The airline's future requires action on its pressing need for funds, writes Emmet Oliver
When reviewing the Government's performance in any sphere, one should always try to provide a rounded picture.
But presenting a rounded picture of Government policy in relation to Aer Lingus poses significant challenges.
At time of writing, the airline has no permanent chairman, its top management team are getting ready to depart, the future ownership structure of the company remains unknown, a pressing need for funds has not been addressed and its future profitability could be under threat.
On the positive side? Well there are probably only two things to write about: the airline's relatively healthy balance sheet and the apparent success of the recent voluntary severance scheme.
Put simply, the Government's performance in handling the complex strategic issues at Aer Lingus has been lamentable. One could forgive the Government if the issues involved crept up unannounced. But that is hardly the case. The future ownership of Aer Lingus has been on the political agenda for several years now.
In 2001, the airline was being readied for an IPO. Most of the senior ministers of the current Cabinet should be familiar with the issues from that time. During the summer, the airline's three managers, chief executive Mr Willie Walsh, chief financial officer Mr Brian Dunne and chief operations officer Mr Seamus Kearney, sought permission to develop an "investment proposal". While they never used the word, most commentators started throwing around the phrase "MBO".
Surely at that time the Government should have considered the Walsh and Co request or advanced their own proposals, or even have taken the far easier option of simply saying we want to keep the airline in State hands? Instead, paralysis and more committees were the order of the day.
Earlier this month, the Cabinet sub-committee, set up specifically to bring clarity to the debate, met twice and still failed to reach a decision. A Government statement recently set a fresh deadline of late January for some kind of decision.
Guessing the official Government position has become the new parlour game in Leinster House. The Taoiseach is believed to be nervous about inviting private sector funding into the airline, possibly eyeing the political consequences in north Dublin if it all goes wrong.
At times, the Taoiseach has appeared peeved at being depicted as a ditherer on the issue. In mid-November, he angrily denounced his critics, when he said he would "not just click my fingers because some right-wing economists believe we should privatise it".
The Tánaiste, Ms Harney, has struck a very different tone, playing up the achievements of the departing management team and pointing to the airline's need for fresh funding to conclude a deal for new long-haul aircraft.
The key question in 2005 is whether these stark differences of emphasis can be overcome and some kind of middle ground agreed upon. Unfortunately, middle ground positions tend to mean fudges in Irish politics.
If something finally emerges in January or February, most observers believe it will be nothing stronger than a vague decision "in principle" to back private sector funding.
How could it be anything else? The cyclical airline sector is already unpopular with many fund managers and no sane investor is going to plough millions into an airline run by an untested management team.
Such a warning was delivered in a Goldman Sachs report which said if Walsh and Co departed, it would seriously delay the timing of any investment. The other difficulty for the Government is that its ability to control events could be limited once even a small stake is handed to private investors.

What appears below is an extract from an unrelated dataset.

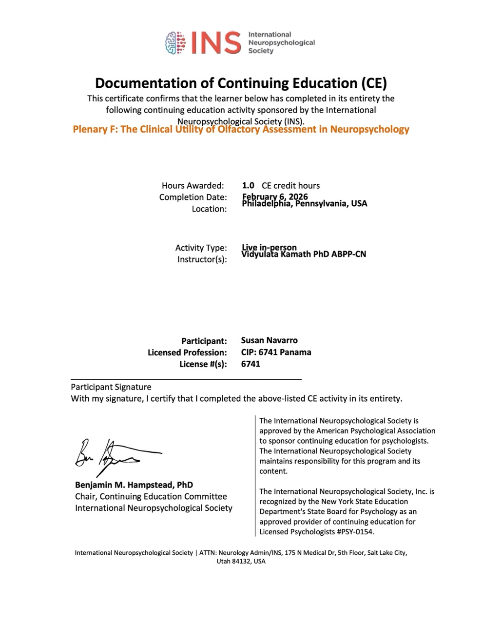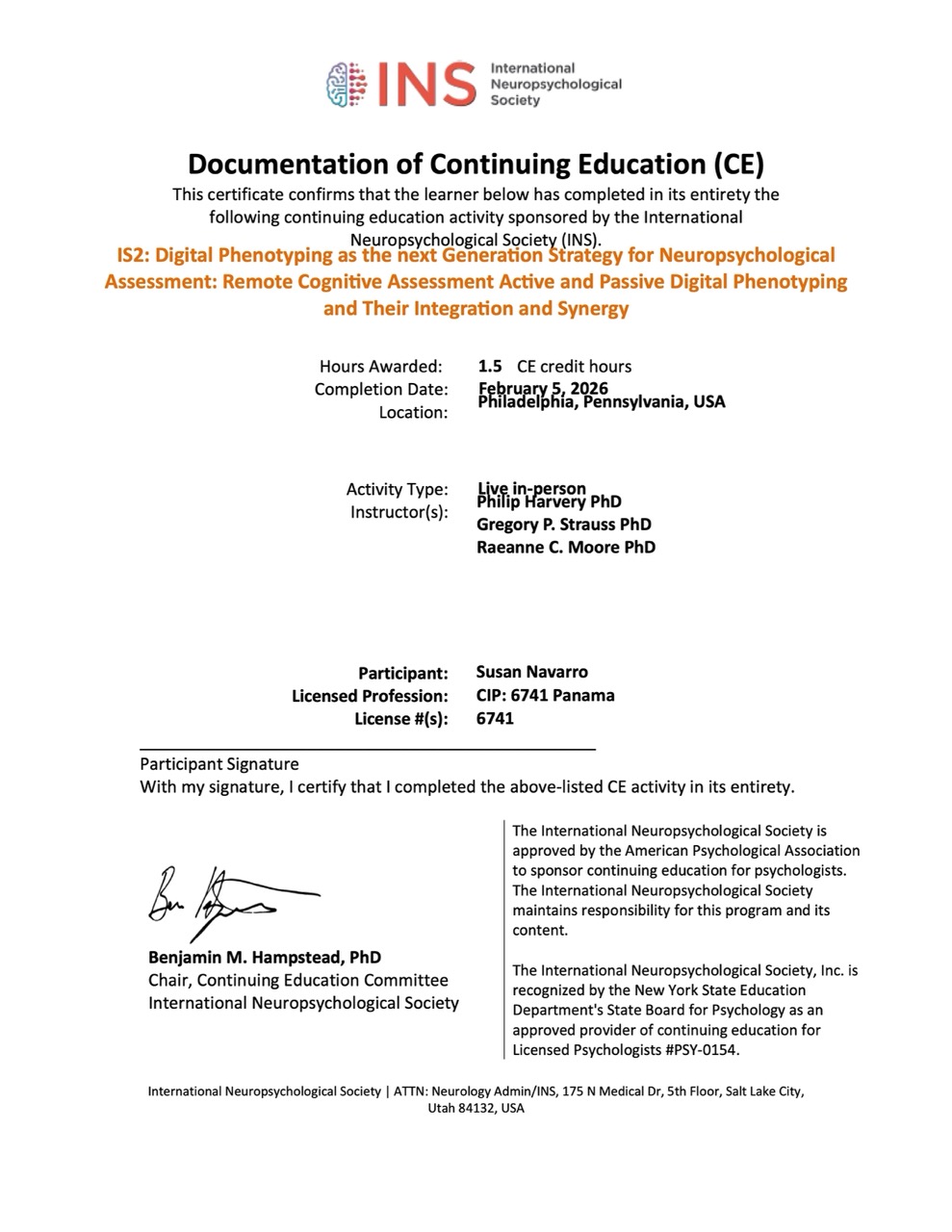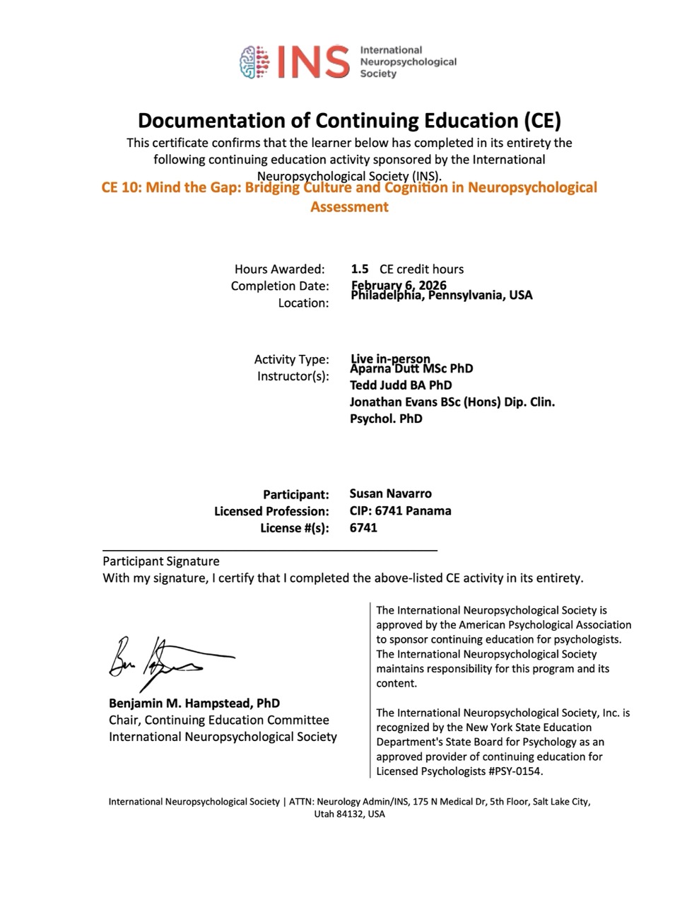III Congreso Internacional de Neuropsicología: "Fronteras entre la salud cerebral y la discapacidad cognitiva" – San José, Costa Rica (Junio 2024).

In an institutional placement scenario, the Government would probably have to give some kind of assurance that a wider sale process (an IPO presumably) would be on the cards.
Again, Goldman Sachs warned about this in its report. It said if Aer Lingus shares were placed with institutional investors, "such an investment will almost certainly be the first step to an IPO as this will be the most likely preferred exit of such a group".
But say the Government goes down the route of private sector investment. Goldman Sachs again warns this carries major risk, particularly the IPO option: "A successful airline IPO does require the confluence of both a window of opportunity in the airline sector and equity markets as a whole."
Of course the Government can insert specific conditions into any sale agreement or retain a golden share in the company, but this reduces the price it gets for the airline.
All these issues are likely to preoccupy the top political minds in the new year, but the departure of Walsh and Co ironically probably leaves even more room for a Government fudge. Without Walsh and Co, a new management team will have to be recruited, and that team will have to settle in and preside over at least one year's financial results, potentially two.
That means no moves on any sale can be made in that time, not unless the Government is prepared to accept a massive discount on the airline's true value.
In the meantime, the airline is starting to come under competitive pressure and, unless further cost-cutting takes place, things could change very quickly.
Mr Walsh indicated in October that, while the airline remained on target for operating profits of over €105 million for 2004, it could be difficult to maintain this performance in 2005.
Either way, Mr Walsh and his colleagues will not be in place to deal with these challenges. Despite their remarkable performance in turning around the airline, its future direction is no more certain now than it was when they came in to manage it three years ago.